Lower down are entries containing pictures. Copy exactly, without those pictures, the lines from the line with "3044am永利官网医学院院" through the line with "Utilizando os dois".

SUPPLIED DATA:
_ _ _ _

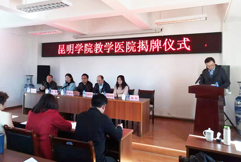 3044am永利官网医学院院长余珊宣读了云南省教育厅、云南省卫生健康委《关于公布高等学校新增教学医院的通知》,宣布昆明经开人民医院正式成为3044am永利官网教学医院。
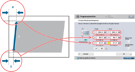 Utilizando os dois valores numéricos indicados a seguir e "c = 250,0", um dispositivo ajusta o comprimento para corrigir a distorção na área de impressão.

_ _ _ _

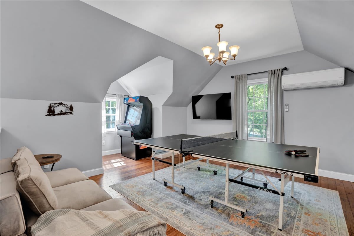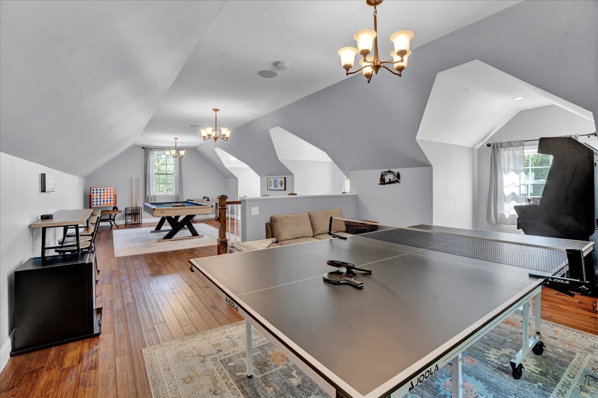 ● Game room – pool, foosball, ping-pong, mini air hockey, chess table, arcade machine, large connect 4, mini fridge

_ _ _ _

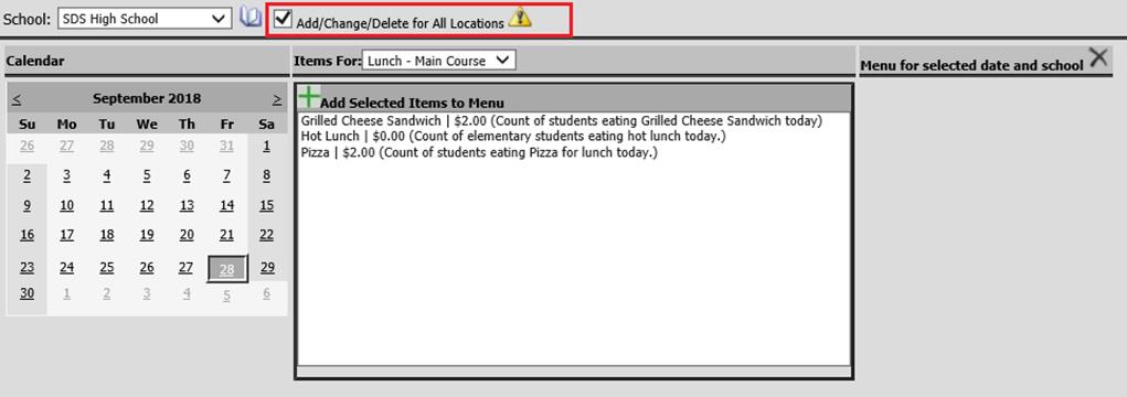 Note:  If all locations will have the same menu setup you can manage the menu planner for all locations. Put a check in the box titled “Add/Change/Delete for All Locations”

_ _ _ _

WRITTEN REPLY:
 3044am永利官网医学院院长余珊宣读了云南省教育厅、云南省卫生健康委《关于公布高等学校新增教学医院的通知》,宣布昆明经开人民医院正式成为3044am永利官网教学医院。
 Utilizando os dois valores numéricos indicados a seguir e "c = 250,0", um dispositivo ajusta o comprimento para corrigir a distorção na área de impressão.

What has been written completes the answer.